[What to do]
From the entries below, write out exactly the lines between the line holding "2012-2016年,S省城" and the line holding "(g) When the", inclusive, excluding any pictures.

Data listing: Begin

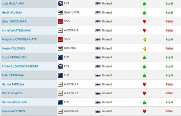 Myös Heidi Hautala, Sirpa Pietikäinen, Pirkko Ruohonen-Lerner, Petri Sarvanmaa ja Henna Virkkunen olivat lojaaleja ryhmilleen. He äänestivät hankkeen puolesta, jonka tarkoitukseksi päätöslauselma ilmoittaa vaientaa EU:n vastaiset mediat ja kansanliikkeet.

Data listing: End
Data listing: Begin

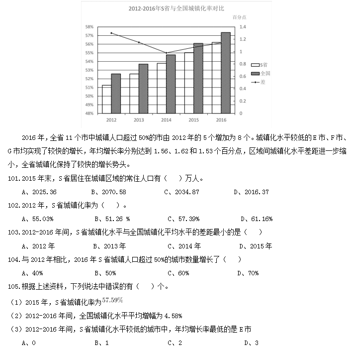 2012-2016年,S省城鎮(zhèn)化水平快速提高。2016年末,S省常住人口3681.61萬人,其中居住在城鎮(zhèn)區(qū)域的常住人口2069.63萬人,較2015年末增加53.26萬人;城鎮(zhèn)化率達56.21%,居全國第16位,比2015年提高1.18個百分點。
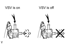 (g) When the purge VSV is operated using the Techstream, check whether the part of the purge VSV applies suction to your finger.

Data listing: End
Data listing: Begin

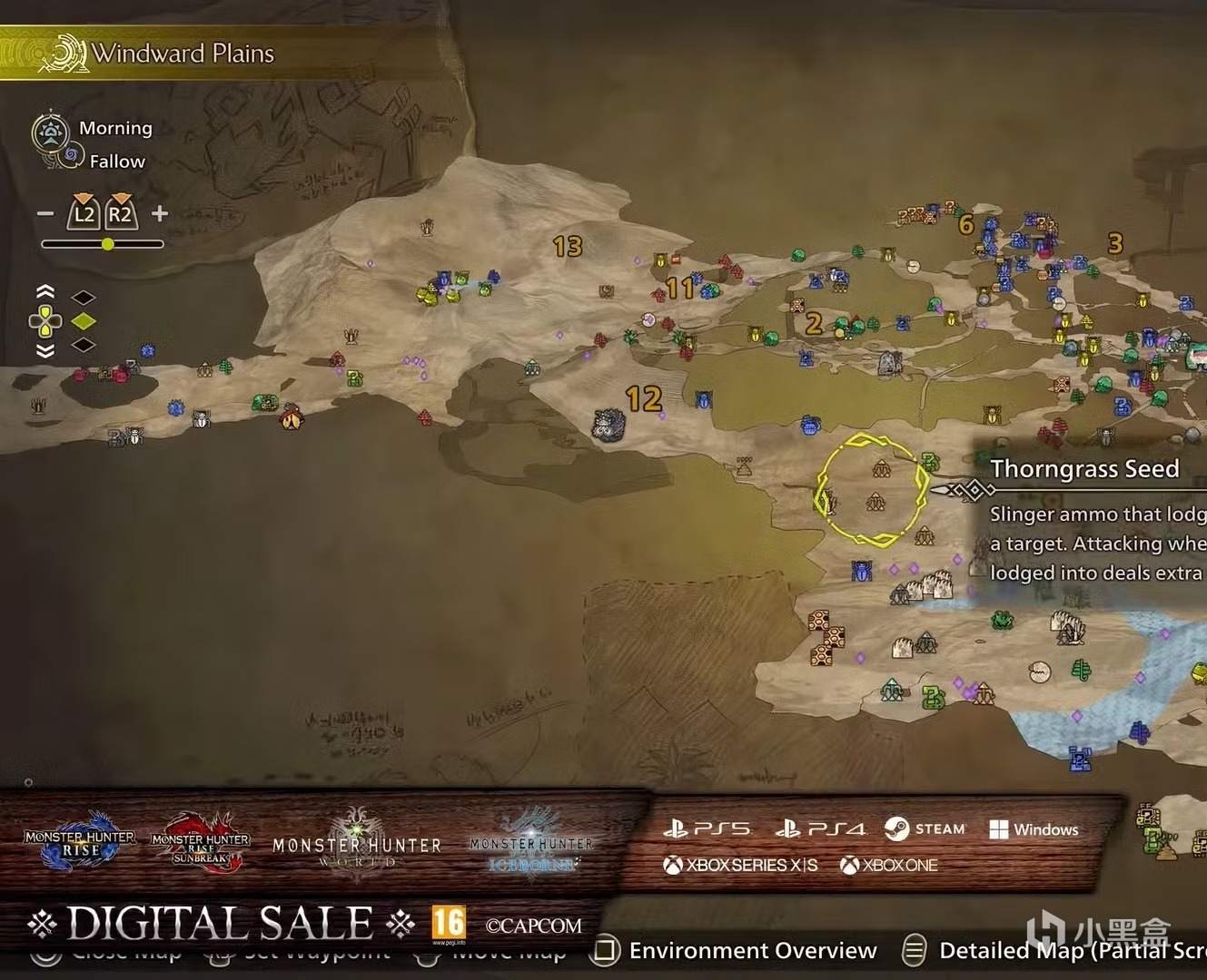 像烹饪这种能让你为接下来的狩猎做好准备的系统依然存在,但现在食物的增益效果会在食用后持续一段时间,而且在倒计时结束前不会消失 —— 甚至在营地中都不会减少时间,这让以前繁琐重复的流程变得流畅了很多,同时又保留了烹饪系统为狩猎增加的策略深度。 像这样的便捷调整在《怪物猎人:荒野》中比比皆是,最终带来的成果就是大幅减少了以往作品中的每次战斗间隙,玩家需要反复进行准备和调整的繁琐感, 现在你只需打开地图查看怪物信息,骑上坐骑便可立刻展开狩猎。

Data listing: End

[Answer to this problem]
 2012-2016年,S省城鎮(zhèn)化水平快速提高。2016年末,S省常住人口3681.61萬人,其中居住在城鎮(zhèn)區(qū)域的常住人口2069.63萬人,較2015年末增加53.26萬人;城鎮(zhèn)化率達56.21%,居全國第16位,比2015年提高1.18個百分點。
 (g) When the purge VSV is operated using the Techstream, check whether the part of the purge VSV applies suction to your finger.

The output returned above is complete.